Mumbai-resident Nandgopal Radhakrishnan had three sons, Nikhil, Anay and Vivek and a daughter, Manjula. Since his best friend Ashok Kumar was childless, he decided to give his eldest son Nikhil in adoption. In the course of time, Radhakrishnan’s two sons passed away and he married off his daughter.
When it was time for Radhakrishnan to give his moveable and immoveable assets to his only daughter, Nikhil threw spanner in the works to claim his share. He filed a partition suit but lost the case. MakaaniQ tells you why Nikhil’s contention didn’t hold much water.
According to Hindu Adoptions and Maintenance Act, 1956, after adoption, the adopted son/daughter lose all the rights of a son/daughter in their biological family, including the right to claim any share in the estate of the biological father or relations, or any stake in the coparcenary property. The only exception where an adopted child is not entitled to the full rights of a biological child in the adoptive family were if he/she was adopted by a disqualified heir.
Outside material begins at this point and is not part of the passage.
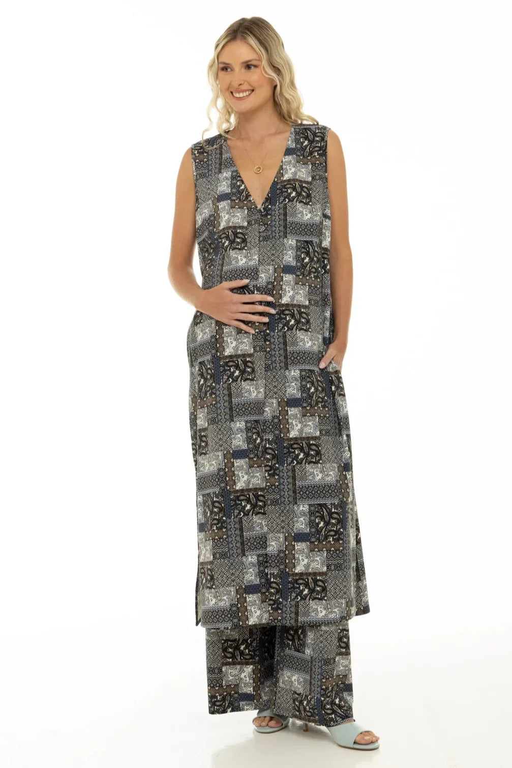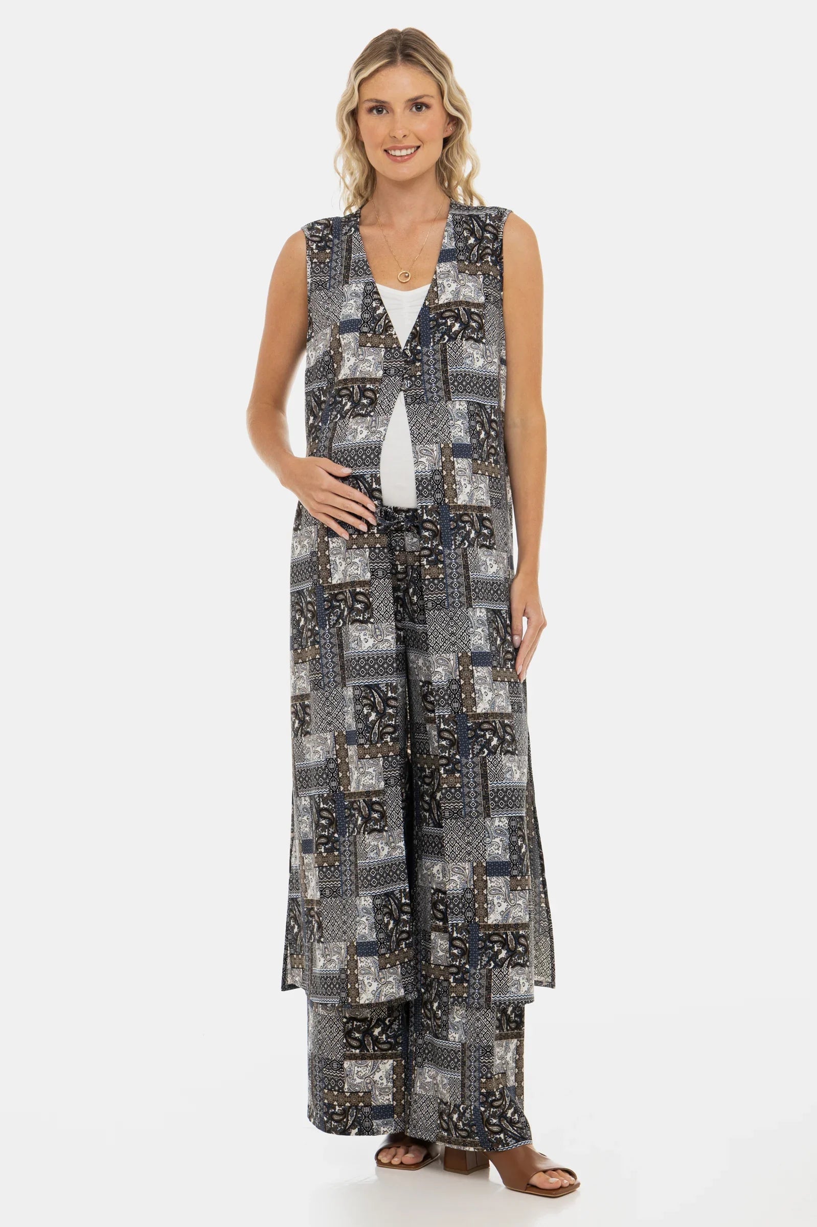 Tento vzdušný těhotenský kaftan jsme navrhli pro snadné kombinování – s plavkami, našimi kalhotami, topem nebo džínami – podle příležitosti. Ideální i na chladnější večery u moře.

The child is entitled to inherit from his adoptive father and other lineal descendants, like a biological heir. At the same time, the adoptive father and his relations too are entitled to inherit from the adopted boy. A child can only be adopted if he/she is Hindu, not previously adopted, unmarried and has not turned fifteen yet.
The property rights of an adopted son/daughter are limited only to inherit the property of his/her adoptive parents. But, at the same time, if the natural parents want to give their property to their natural child, they may do it by way of gift or will.
Thus, it can be inferred that for all intents and purposes, the adopted child is treated like a biological child into the family into which he/she has been adopted and is considered the descendant of the family.